**Supplied information**
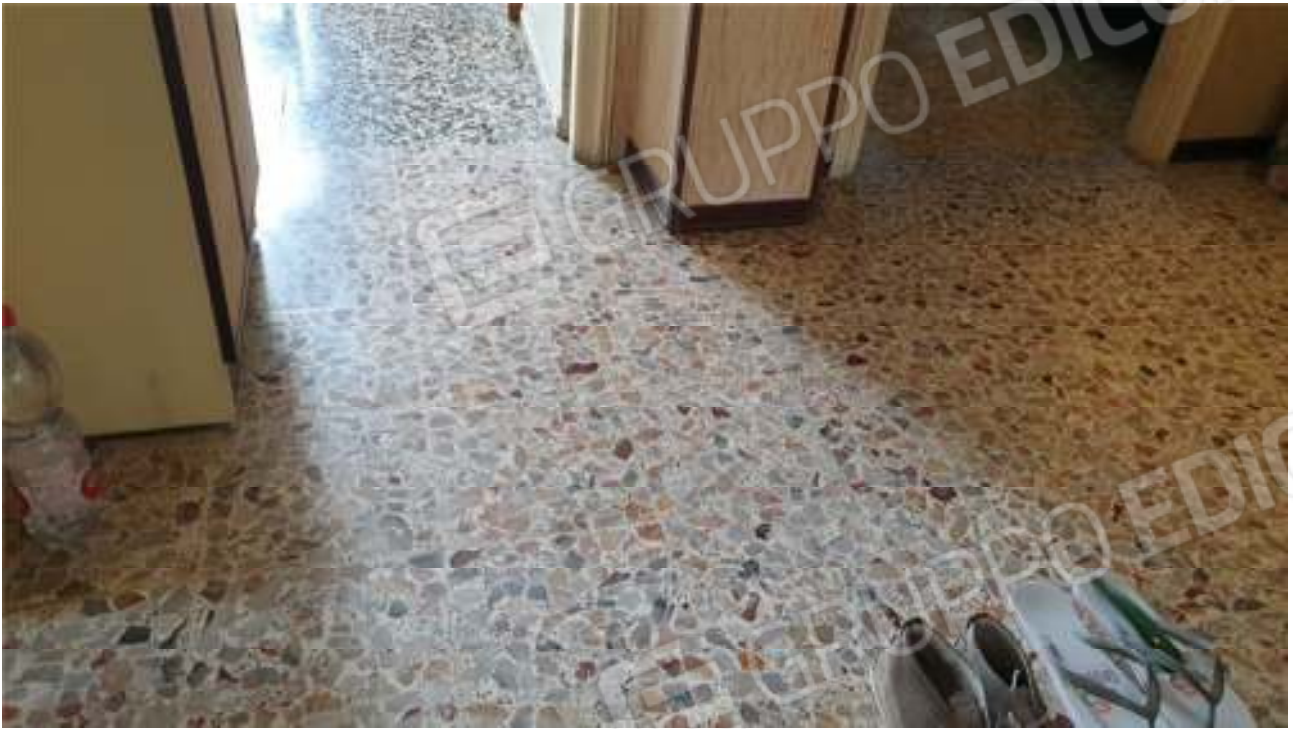
Vista del pavimento dell'ingresso
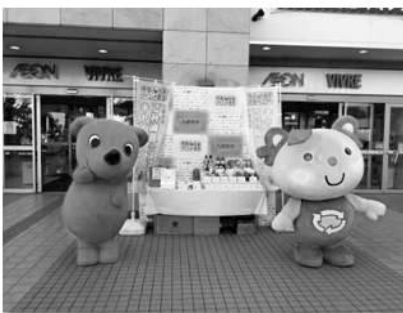
イオン新百合ヶ丘店【川崎市】
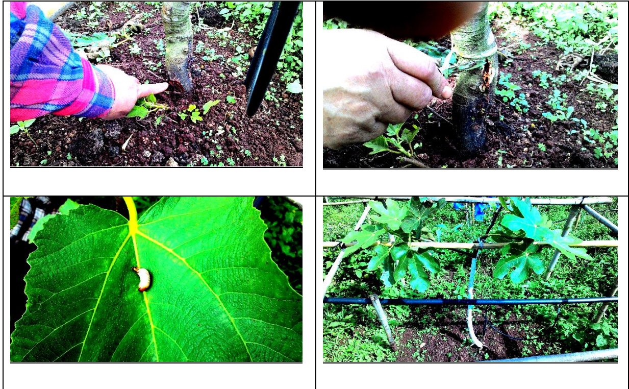
ภาพที่ 8 การป้องกันและกำจัดด้วงเจาะลำต้น ด้วยการกำจัดวัชพืชรอบลำต้น ใช้สารเคมีกำจัดรวมทั้งการทาสีน้ำมันผสมสารป้องกันแมลงรอบโคนและต้น
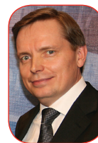
ARTUR STELE A GENERÁL KONFERENCIA EGYIK ÁLTALÁNOS ALELNÖKE, ÉS A BIBLIAKUTATÓ INTÉZET IGAZGATÓJA.
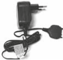
HKPN4005 – Cargador en modo de conmutación / Fuente de alimentación con conector para Brasil
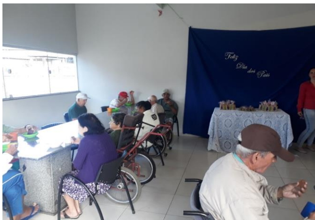
Confraternização Dia dos Pais
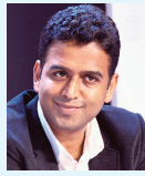
NITHIN KAMATH CO-FOUNDER, CEO ZERODHA

If you spend ₹3,000-5,000 to acquire a customer, it's tough to generate that much revenue. The lifetime value of a customer at a very deep discounted pricing model isn't ₹3,000, which is what our competition is spending. They claim to have as many users as us, but in terms of AUM or revenue, they are still far behind.
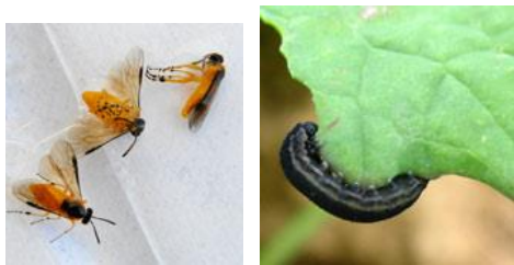
Tenthrede à l'état adulte (gauche) et larvaire (droite)

La tenthrède est un hyménoptère qui à l'état adulte mesure 7 à 8 mm, présente un corps jaune orangé, à tête noire et aux ailes membraneuses. La larve mesure 20 à 50 mm. Elle est translucide, grisâtre voire verdâtre. Elle prend un aspect noirâtre en fin de développement et devient nuisible pour la culture en dévorant les feuilles.
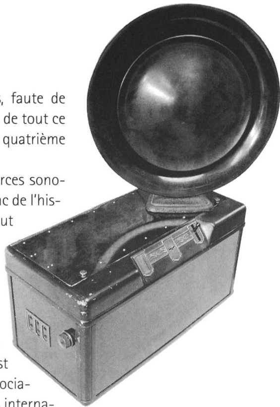
Philips 2511 (1929). Un appareil assez répandu en Suisse malgré son prix, relativement élevé pour l'époque (750 francs).

Enfin la chanson , un des thèmes centraux de cette livraison et du CD qui l'accompagne. Mieux que tout autre document peut-être, la chanson reflète, exprime et
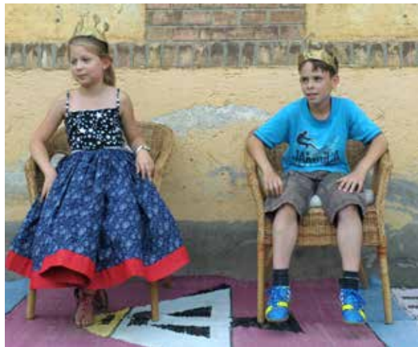
Pünkösdi királyság a Meixner suliban

A néphit szerint, ha pünkösdkor szép az idő, jó lesz a borteremés. Egyes vidékeken ma is él a pünkösdi királyválasztás szokása, ilyenkor a falu legényei különböző ügyességi próbákon mérték
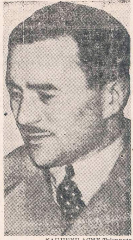
John George Haigh, kuris tapo areštuotas Londone, Skelbiamas, kad jis nužudęs sesis žmones ir geres jų kraują lyg kognis vampyras.
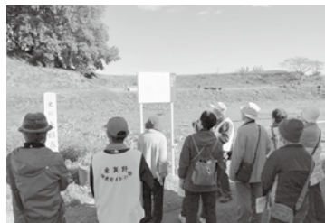
歴史巡りはフレイル予防

ガイドさんから古墳の歴史や種類の説明、伝承の民話や逸話などの紹介を受け、大鶴巻古墳に登って見晴らしのよさに感激。林西寺・安楽寺のそばを通りながら、古墳時代から江戸時代までの歴史を学びました。
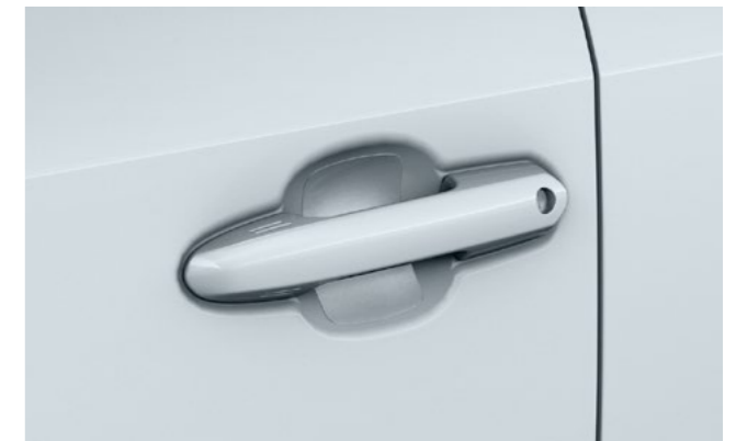
Art.-Nr. 99002-54Z00-043 Transparent, Set für die Fahrer- und Beifahrertüren, zum Schutz gegen Kratzer und Schrammen.
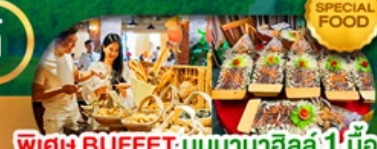
SPECIAL FOOD พิเศษ BUFFET; บันบานาฮิลล์ 1 มื้อ และ SEAFOOD BOAT เดินทาง มี.ค. - ต.ค. 69
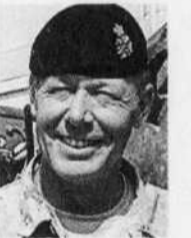
le brigadier-général Jonathan Vance

Depuis le début de la mission canadienne en Afghanistan, 127 militaires ont perdu la vie, dont sept depuis le début du mois de juillet. Hier, deux
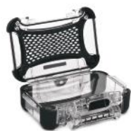
Ensemble de panneaux en Lexan
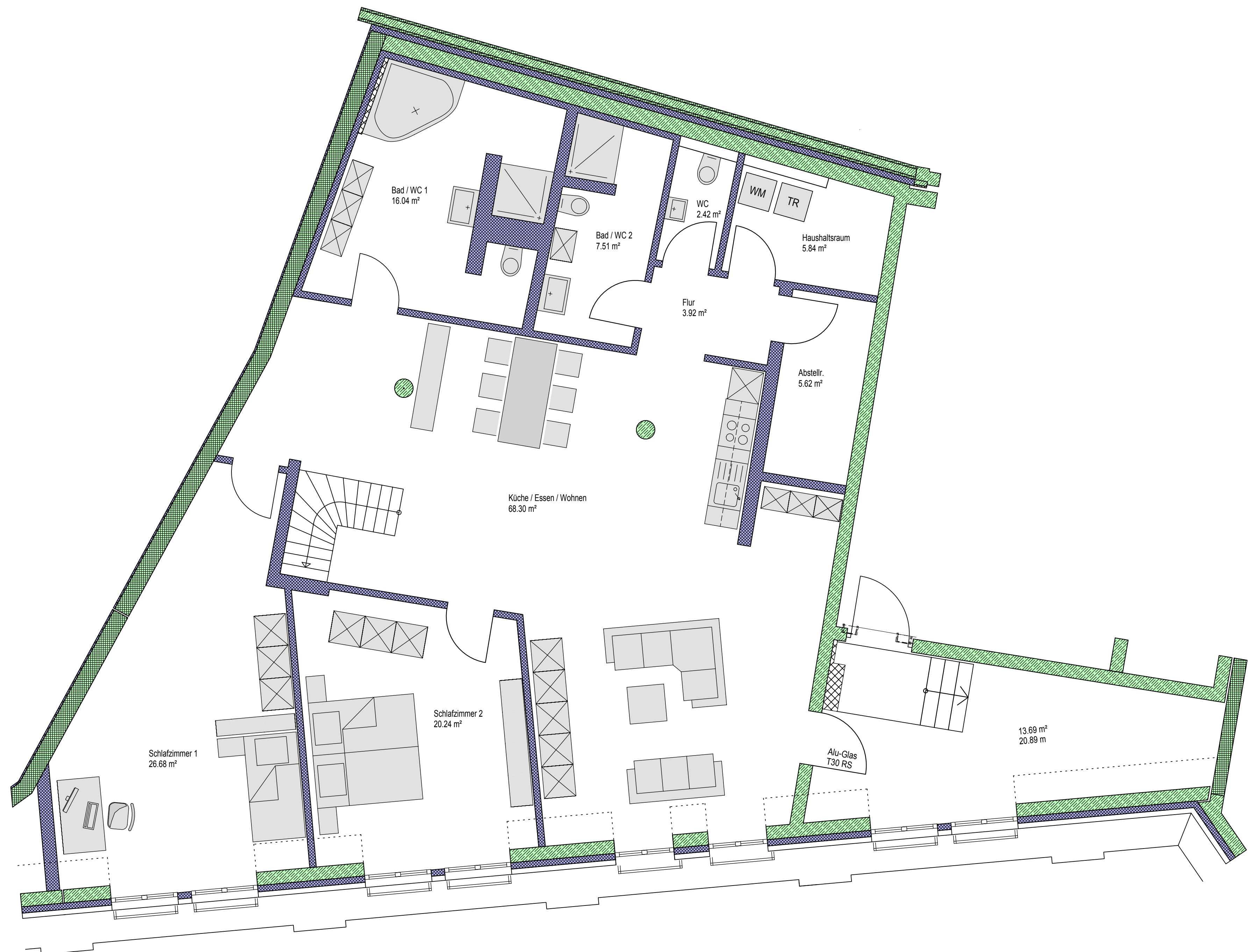
WOHNUNG 31 5.OBERGESCHOSS
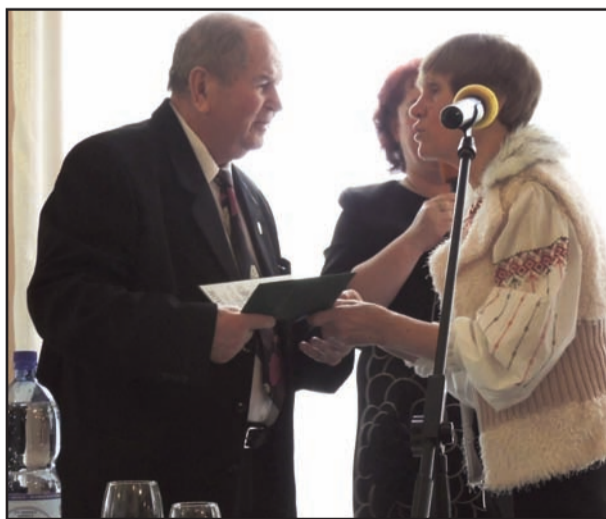
Cobzarul națiunii noastre, Taras Hryhorovyci Șevcenko.

Această diplomă încununează strădaniile întregii noastre comunități de a păstra tradițiile și valorile patrimoniului cultural al ucrainenilor și eforturile noastre pentru valorificarea tezaurului literar și artistic lăsat moștenire de
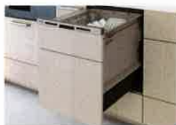
ビルトイン食器洗い乾燥機 18,000pt
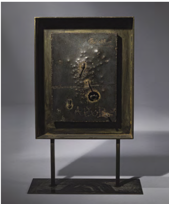
CÉSAR Sans titre, 1957 Plaque de fer, 1957 Fer (soudé et perforé), signé et dédié « à Bob » (Robert Calé) en bas à droite 37 x 26,5 cm Est. 10,000 - 15,000 €
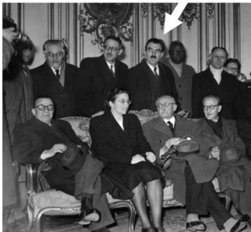
Le Ministère Blum de fin 1946 Léon Blum à côté d'Andrée Viénot, André Philip debout derrière Blum

Sa politique étant perçue comme trop dirigiste par ses camarades de la SFIO, il ne sera pas reconduit dans des fonctions ministérielles après 1947 et perdra son mandat de député du Rhône en 1951.
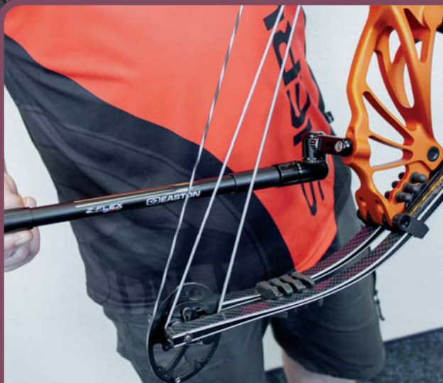
Z-Flex Heck-Stabi mit Shrewd Seitenausleger und reichlich Gewicht

**Your instructions**
Print, exactly as written, the lines from the one containing "A néphit szerint, ha" to the end of the material, both ends included, and nothing else; no pictures.

**Answer below**
A néphit szerint, ha pünkösdkor szép az idő, jó lesz a borteremés. Egyes vidékeken ma is él a pünkösdi királyválasztás szokása, ilyenkor a falu legényei különböző ügyességi próbákon mérték
John George Haigh, kuris tapo areštuotas Londone, Skelbiamas, kad jis nužudęs sesis žmones ir geres jų kraują lyg kognis vampyras.
歴史巡りはフレイル予防

ガイドさんから古墳の歴史や種類の説明、伝承の民話や逸話などの紹介を受け、大鶴巻古墳に登って見晴らしのよさに感激。林西寺・安楽寺のそばを通りながら、古墳時代から江戸時代までの歴史を学びました。
Art.-Nr. 99002-54Z00-043 Transparent, Set für die Fahrer- und Beifahrertüren, zum Schutz gegen Kratzer und Schrammen.
SPECIAL FOOD พิเศษ BUFFET; บันบานาฮิลล์ 1 มื้อ และ SEAFOOD BOAT เดินทาง มี.ค. - ต.ค. 69
le brigadier-général Jonathan Vance

Depuis le début de la mission canadienne en Afghanistan, 127 militaires ont perdu la vie, dont sept depuis le début du mois de juillet. Hier, deux
Ensemble de panneaux en Lexan
WOHNUNG 31 5.OBERGESCHOSS
Cobzarul națiunii noastre, Taras Hryhorovyci Șevcenko.

Această diplomă încununează strădaniile întregii noastre comunități de a păstra tradițiile și valorile patrimoniului cultural al ucrainenilor și eforturile noastre pentru valorificarea tezaurului literar și artistic lăsat moștenire de
ビルトイン食器洗い乾燥機 18,000pt
CÉSAR Sans titre, 1957 Plaque de fer, 1957 Fer (soudé et perforé), signé et dédié « à Bob » (Robert Calé) en bas à droite 37 x 26,5 cm Est. 10,000 - 15,000 €
Le Ministère Blum de fin 1946 Léon Blum à côté d'Andrée Viénot, André Philip debout derrière Blum

Sa politique étant perçue comme trop dirigiste par ses camarades de la SFIO, il ne sera pas reconduit dans des fonctions ministérielles après 1947 et perdra son mandat de député du Rhône en 1951.
Z-Flex Heck-Stabi mit Shrewd Seitenausleger und reichlich Gewicht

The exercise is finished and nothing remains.